Carefully separate the cookie halves, leaving cream on 1 half of each cookie. Keep the cream sides and put the chocolate wafer sides into a ziploc bag. You can keep those in the freezer for making a future chocolate cookie pie crust.
Take an Oreo half (cream side up) and top it with a peanut butter cup. Then set another Oreo half (cream side down) on top of the peanut butter cup and gently press down.
Place on a baking sheet lined with parchment paper or a silicone baking mat and repeat with the remaining cookies and Reese’s cups.
In a microwave safe bowl, combine chocolate chips and 2 tbsp vegetable oil. Microwave in 30 second intervals, stirring in-between, until melted and smooth.

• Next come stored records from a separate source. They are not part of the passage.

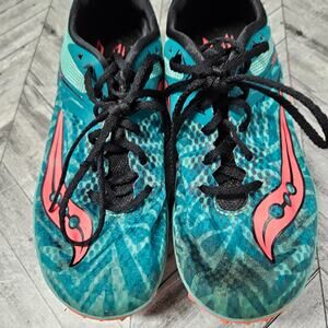 Saucony Womens 6.5 Racing Havok XC Running Track Shoes Teal Spikes S19029-1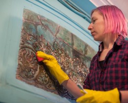 Краеведы объединения «Гэнгъ» очистят декоративную облицовку в арке дома на Петроградской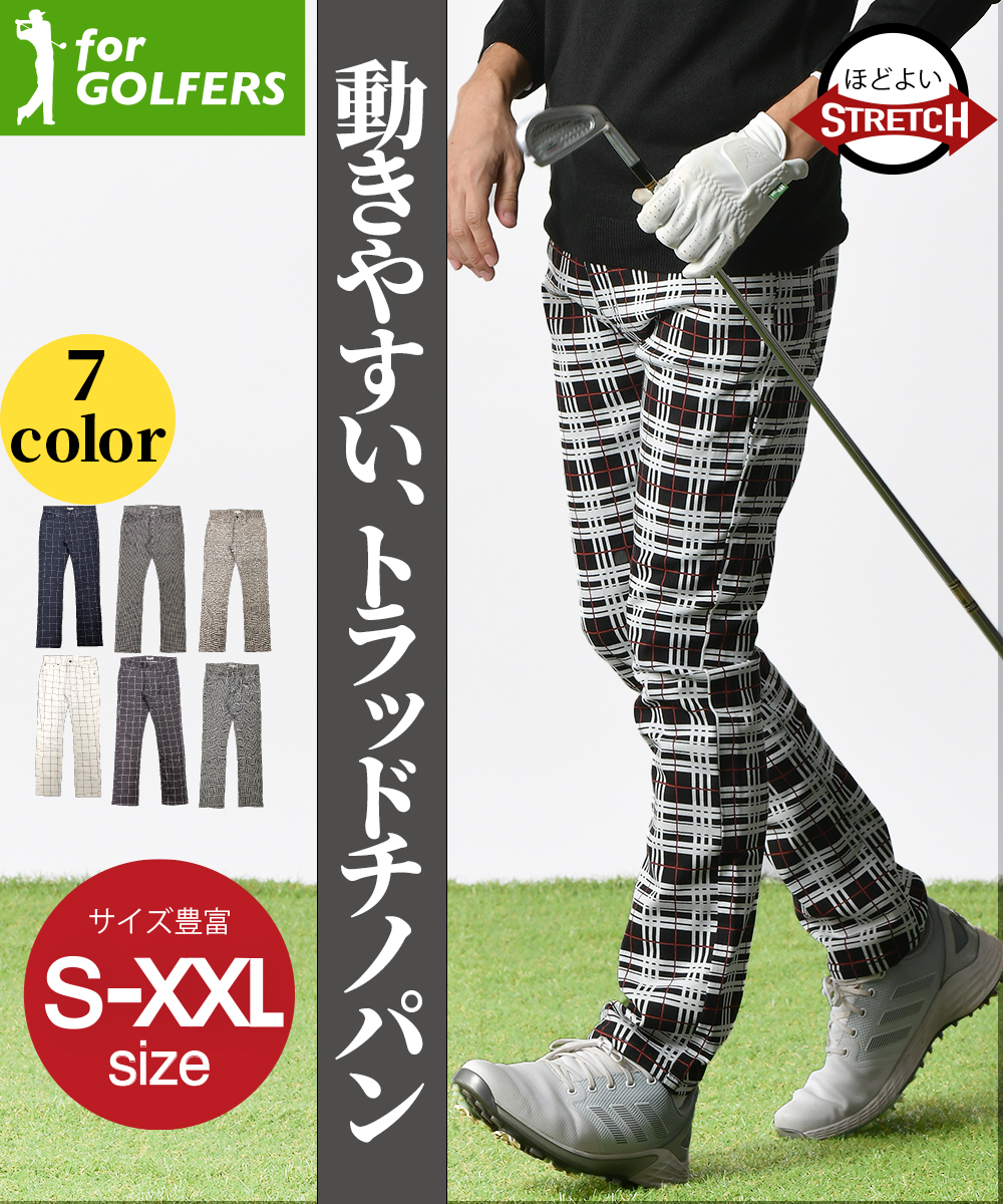 ゴルフウェア ゴルフパンツ ゴルフ 柄パンツ チノパン チェック ストレッチパンツ スキニー チェックパンツ メンズ パンツ チノ チノパンツ スリム ストレート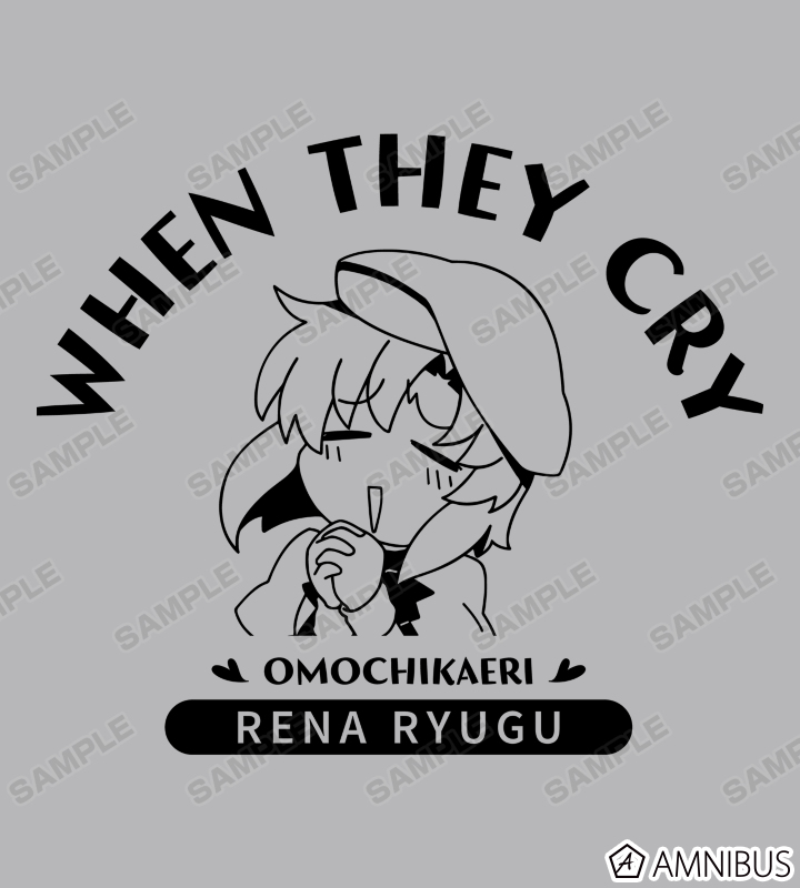 竜宮レナと名前、「お持ち帰り~」の台詞、作品タイトルを組み合わせて、カレッジ風のデザインに仕上げました。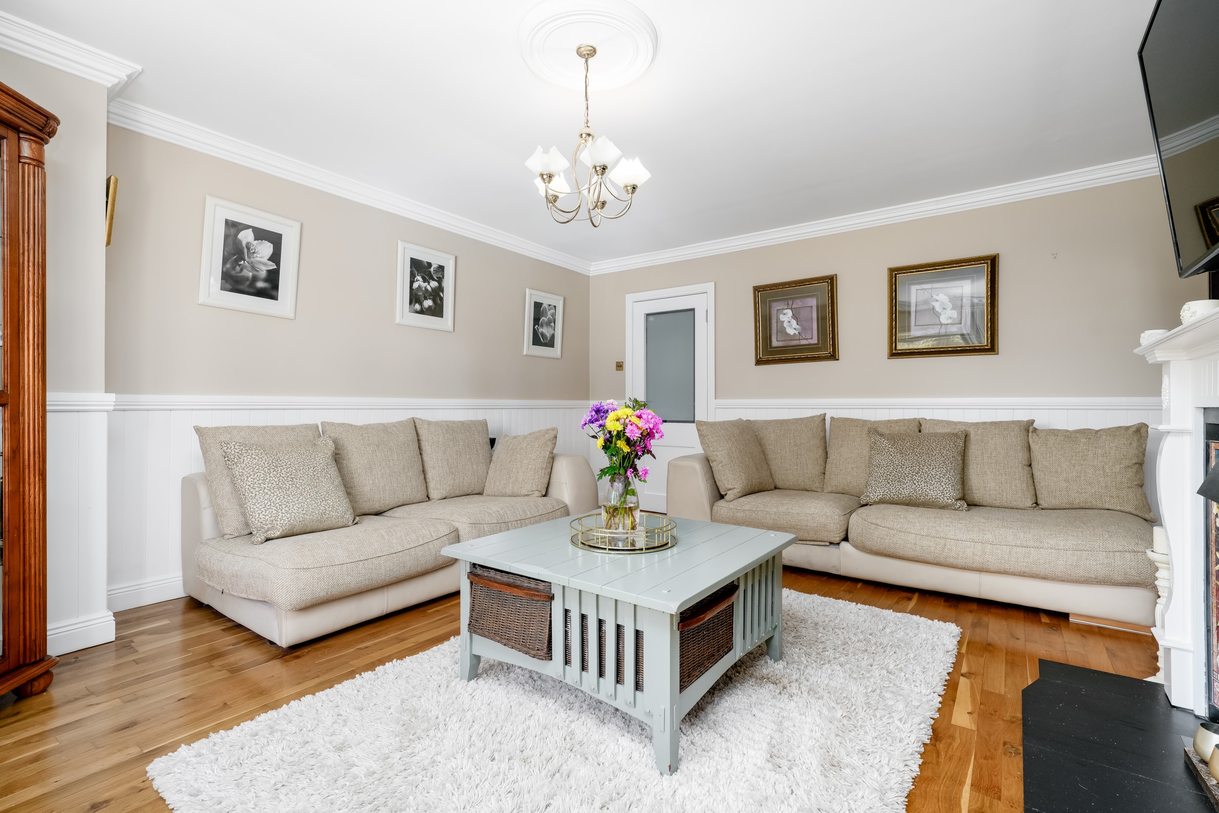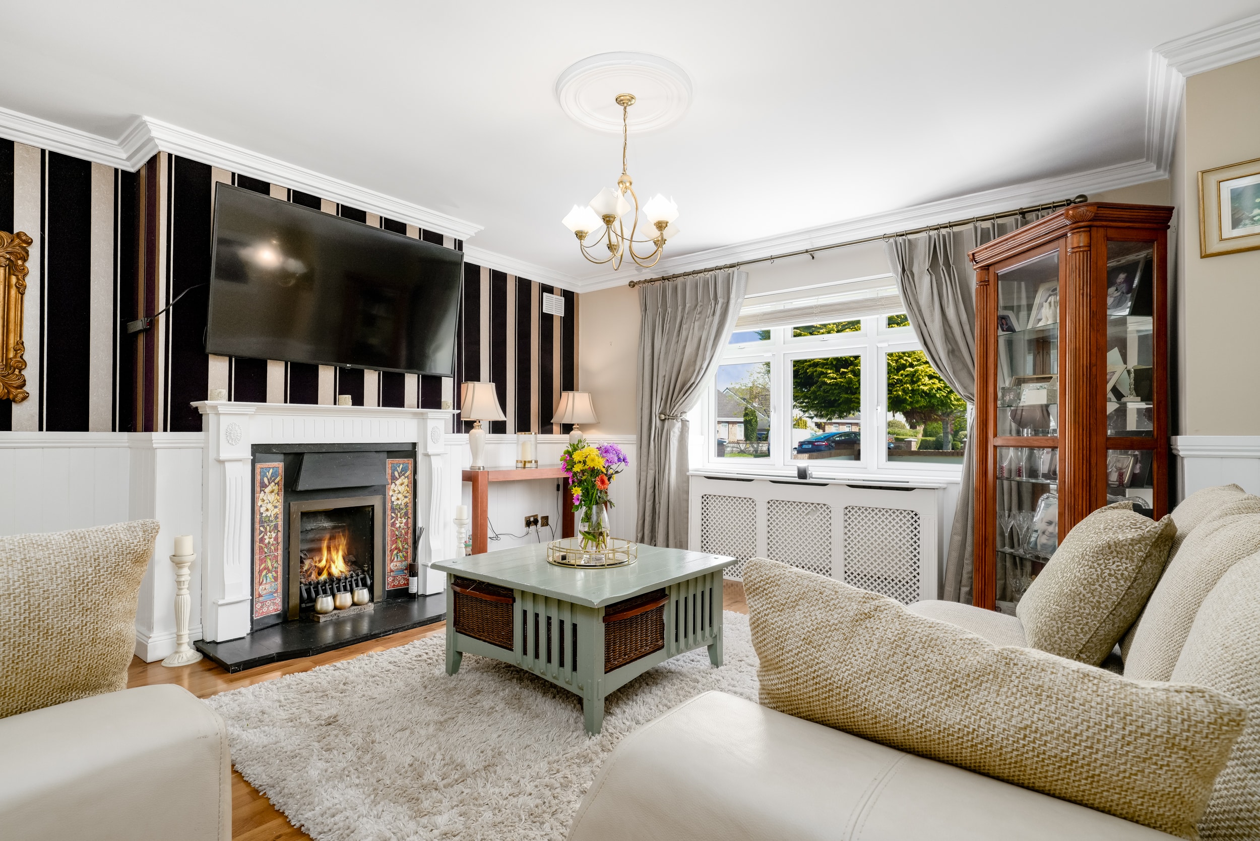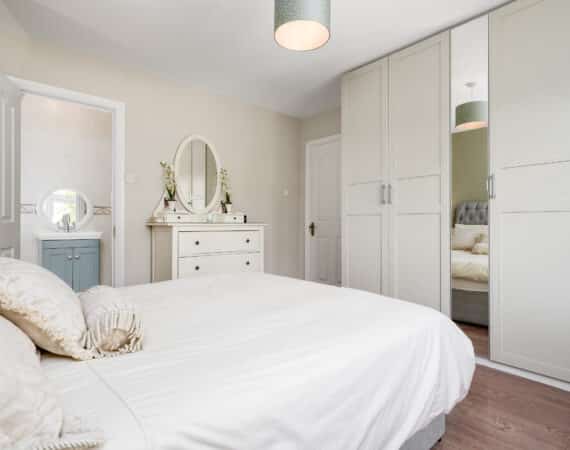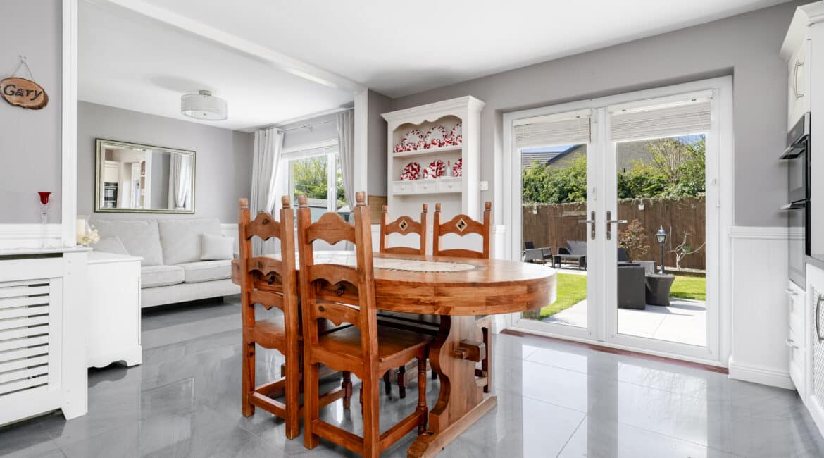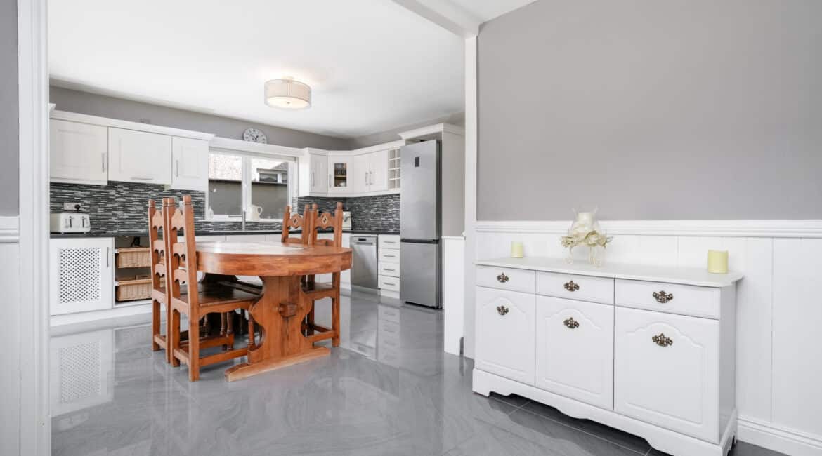 The home itself is exceptionally well-proportioned throughout, designed for growing families to maximise space comfort and convenience for busy households. Bright, airy & most spacious internal living accommodation of c 111 sqm compromises of an entrance hallway with stylish panelling throughout, large living room with feature fireplace, fully fitted kitchen/dining area, separate utility room/pantry, three double bedrooms (one master ensuite) with built in wardrobes and fully tiled main family bathroom. The 4th bedroom here has been opened out to an extra living space but could easily be put back into a 4th room. The attic has a stira stairs with wood flooring making it perfect for additional storage but offers a fantastic opportunity to convert if that’s what someone is looking to do.

Coat the peanut butter cup Oreos in the melted chocolate with a fork, tapping the fork against the side of the bowl to allow the excess chocolate to drip off, then return to the prepared baking sheet.
Once all the Oreos are dipped, combine peanut butter chips and 1 tbsp vegetable oil in another microwave safe bowl and microwave in 30 second intervals, stirring in-between, until melted and smooth.
Drizzle the melted peanut butter chips over each chocolate coated Oreo, then transfer to the fridge to set the chocolate. Once set, carefully break off the excess candy-coating pieces around each cookie before enjoying!